Damit sind in der Regel Sparmaßnahmen gemeint, doch da sieht Grote wenig Luft. „Die Kommune unterhält nur das, was man braucht: Schulen, Kindergärten, Feuerwehren“, zählt er auf. Alles in dreifacher Ausführung, denn Braunlage hat drei Ortsteile, die jeweils zwölf Kilometer auseinander liegen. „Da können wir nicht die Wehren zentralisieren, weil sonst die Sicherheit nicht mehr gewährleistet ist.“ Pleite sei seine Stadt aber nicht, betont der Bürgermeister.

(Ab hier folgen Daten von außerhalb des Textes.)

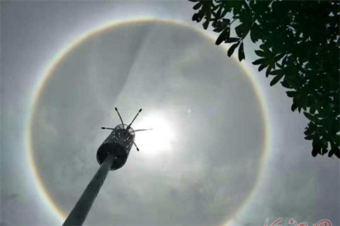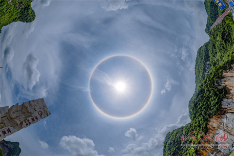 | A colorful circle around the sun, the halo is created by the refraction of sunlight when it travels through ice crystals in the clouds. [Photo by Pu Jiayong/Hechi Daily] |
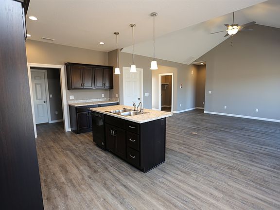 - Breakfast Bar, Kitchen Island, Walk-In Closet(s), Great Room, Laminate Counters, Cathedral Ceiling(s), Entrance Foyer, Open Floorplan, Ceiling-9+, Main Level Bedroom Suite, Split Br Floor Plan, Twin Sink Vanity, Pantry-Walk In, Custom Cabinetry
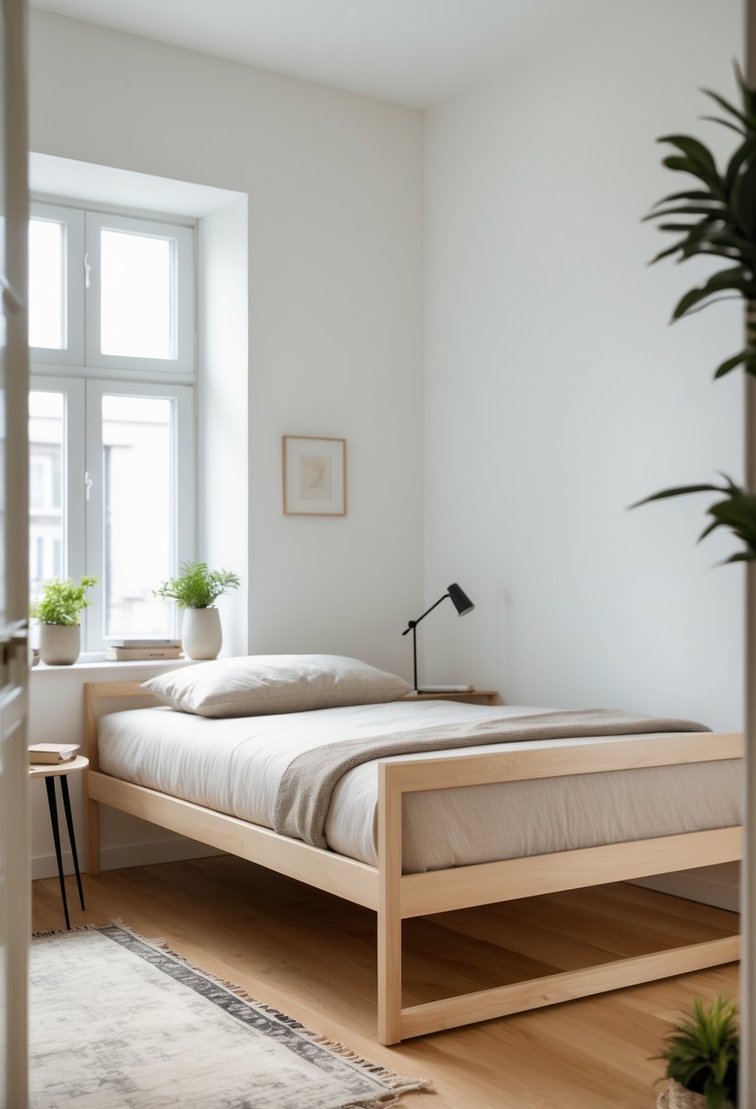A minimalist bed frame helps keep a small bedroom feeling open and uncluttered. Frames with clean lines and no bulky details create a simple, calm look.

Braunlage sei nach wie vor kreditwürdig.

Der Entschuldungspakt

Schwarz-gelbes Sanierungsmodell: Mit dem Zukunftsvertrag wollte die schwarz-gelbe Landesregierung Kommunen dazu bringen, sich zusammenzuschließen. Bei den Beteiligten wurde der Zukunftsvertrag auch „Hochzeitsprämie“ genannt. Das Angebot richtete sich vor allem an Kommunen mit einem strukturellen Defizit, also an Gemeinden und Kreise, deren Einnahmen dauerhaft zu gering waren, um die Verwaltungskosten zu tragen. Der Zusammenschluss sollte Kosten sparen, indem Doppelstrukturen abgebaut werden. Dafür übernahm das Land bis zu 75 Prozent der Altschulden der beteiligten Kommunen. Im Gegenzug mussten wiederum die Kommunen Auflagen erfüllen. So wurden meist alle freiwilligen Leistungen gestrichen und bei den Pflichtaufgaben auf Ausgabendisziplin geachtet. Außerdem wurde festgelegt, in welchen Schritten die Kommunen zu einem ausgeglichenen Haushalt kommen sollten. Die rot-grüne Landesregierung hielt die Zukunftsverträge für ungeeignet, die Probleme der defizitären Kommunen zu lösen, und ließ das Modell im März 2013 auslaufen.